Astrovirus genome replication and transcription and synthesis of the structural proteins. (A) The genome of astrovirus (shown here for HAstV-8) is used as template to synthesize the negative-sense antigenomic RNA (agRNA), which, in turn, serves as template to synthesize the full-length positive sense genomic (gRNA) and subgenomic (sgRNA) RNAs. The sgRNA is about 2.4 kilobases and has a polyA tail at the 3’-end and likely also has a VPg protein covalently bound at its 5’-end. (B) The sgRNA is translated into the structural polyprotein precursor VP90, which contains an N-terminal conserved domain and a C-terminal hypervariable domain.

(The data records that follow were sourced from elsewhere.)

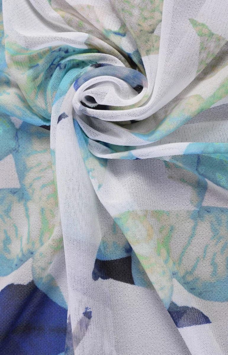 Elastischer Polyamid-Tüll im Druck. Leichter Stoff, perfekt für Kleider oder Blusen. Es erscheint im Coupon. Wir empfehlen, die Stoffmenge pro Umfang zu messen.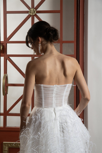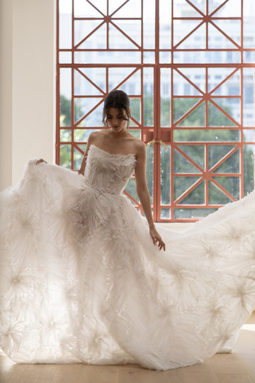 Ιδιαίτερα εντυπωσιακά μέσα στην απλότητα τους είναι τα νυφικά με cut outs στο σώμα, τα οποία δημιουργούν ένα μοντέρνο αποτέλεσμα. Τα φουσκωτά νυφικά φορέματα, μέσα από τη Bridal Collection 2024 της Έλενας Στρογγυλιώτου μεταμορφώνονται αναδύοντας έναν αριστοκρατικό αέρα θηλυκότητας και ρομαντισμού, ενώ οι περίτεχνες ραφές είναι ακόμη ένα χαρακτηριστικό στοιχείο της συλλογής δημιουργώντας ένα σύγχρονο αποτέλεσμα.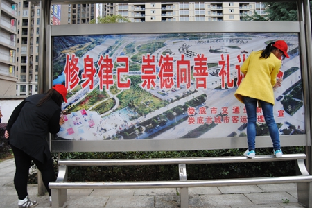 3月18日,财贸系志愿者们将“雷锋精神我传承”签名活动时的意念践行到实际当中,对学校周围公交车站台进行清洁。活动中同学们热情洋溢,干劲十足。志愿者们的活动不仅受到了市民的赞扬还得到了环卫工人的赞许。

The conserved domain has a basic amino acid region that is thought to interact with the viral RNA and a second region that has been predicted to be the shell of the viral capsid. The hypervariable domain conforms the viral spikes, and contains an acidic region towards the carboxy terminus of VP90. The processing pathway of this precursor protein has been described in detail ( ). Briefly, VP90 is assembled into particles, and the acidic region at its carboxy terminus is processed to yield a protein of 70 kilodaltons (VP70) ( ). This processing is carried out by caspases, cellular proteases activated during virus infection that are involved in cell death by apoptosis. The caspase cleavages correlate with, and are required for, the release of virions from the cells ( ). The released virions formed by VP70 are poorly infectious, and full activation of their infectivity requires that VP70 is cleaved by extracellular trypsin. Processing of the VP70-containing particles by this enzyme is sequential, producing final protein products of 34, 27, and 25 kilodaltons through at least eight intermediary polypeptides ( ). The black arrow head represents a site for caspase cleavage and the red arrow heads, sites for trypsin cleavage. The intermediate caspases and trypsin cleavage products are not shown but can be found in other publications ( ).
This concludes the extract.